For the sake of simplicity, here is another example: There are two
connections A and B

Via A: insert into test (id, val) values (2, 'this will be a unique key
constraint error'); --> The Rollback statement will not be executed due to
an unknown error
Via B: insert into test (id, val) values (4, 'no error'); --> Successful
Transaction
Via A: insert into test (id, val) values (5, 'no error, but the is currently
a running transaction') --> Failed.
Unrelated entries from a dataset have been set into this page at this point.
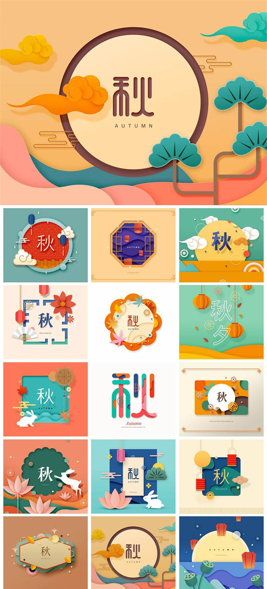 15款中式中国风剪纸风格中秋节海报PSD素材
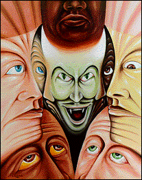 Every person is physically a part of the fabric called humanity, which is --unilaterally-- bedizened with all kinds of nobel epithets and arbitrary virtues. On the contrary, the pervading spirit is, and always was, a miasma of distrust and suspicion, periodically accentuated by hate and outright mayhem and murder. Despite effusive lip service to sublime ideals, humanity's awe is lavished on its real god, Satan, whose suzerainty and leering confidence are sustained by his loyal subjects throughout the world --in Bosnia, Somalia, Ireland, India, the Middle East, Haiti, Cuba, Tibet, South Africa -- and Waco. |
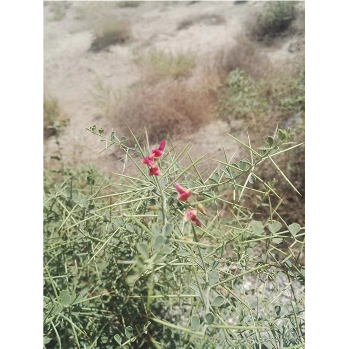 駱駝刺(Alhagi camelorum Fisch.)是豆科駱駝刺屬半灌木草本植物。 株高30-60厘米,它的莖直立,有細(xì)條紋,無(wú)毛或幼莖有短柔毛,從基部分枝,灰綠色,具針刺;單葉互生,外形為卵形、卵圓形或矩圓形,先端鈍,全緣;總狀花序腋生,先端針刺狀,無(wú)毛,花長(zhǎng)在刺上,花萼鐘狀,具五齒;被短柔毛,萼齒三角狀或鉆狀三角形,花冠深紫紅色,旗瓣倒長(zhǎng)卵形,頂端鈍圓或截平,基部楔形,具短瓣柄,翼瓣長(zhǎng)圓形;果線形,彎曲形狀。種子1-6個(gè),腎形;駱駝刺花期為6-7月,果期為8-10月。因其是戈壁灘和沙漠中駱駝**能吃的草料而得名。

Maybe a rollback is executed, I dont
know
Via B; select * from test where id = 4; --> Empty query 

If you actually perform that algorithm manually using two psql sessions you will find, if done properly, that the row with id=4 exists.  If it does not then show that work because you will indeed have found a bug.  But as of now you have not demonstrated a bug in PostgreSQL.

David J.
 

Re: BUG #18457: Possible data loss needs to be evaluated

От
Tom Lane
Дата:
"David G. Johnston" <david.g.johnston@gmail.com> writes:
> If you actually perform that algorithm manually using two psql sessions you
> will find, if done properly, that the row with id=4 exists.  If it does not
> then show that work because you will indeed have found a bug.  But as of
> now you have not demonstrated a bug in PostgreSQL.

Yeah.  This could be a Postgres problem, or it could be an application
problem.  Given the lack of other similar reports, the a-priori
assumption has to be that it's an application problem.  In any case,
there's no way for the rest of us to investigate since we don't have
access to either the application or data involved.

            regards, tom lane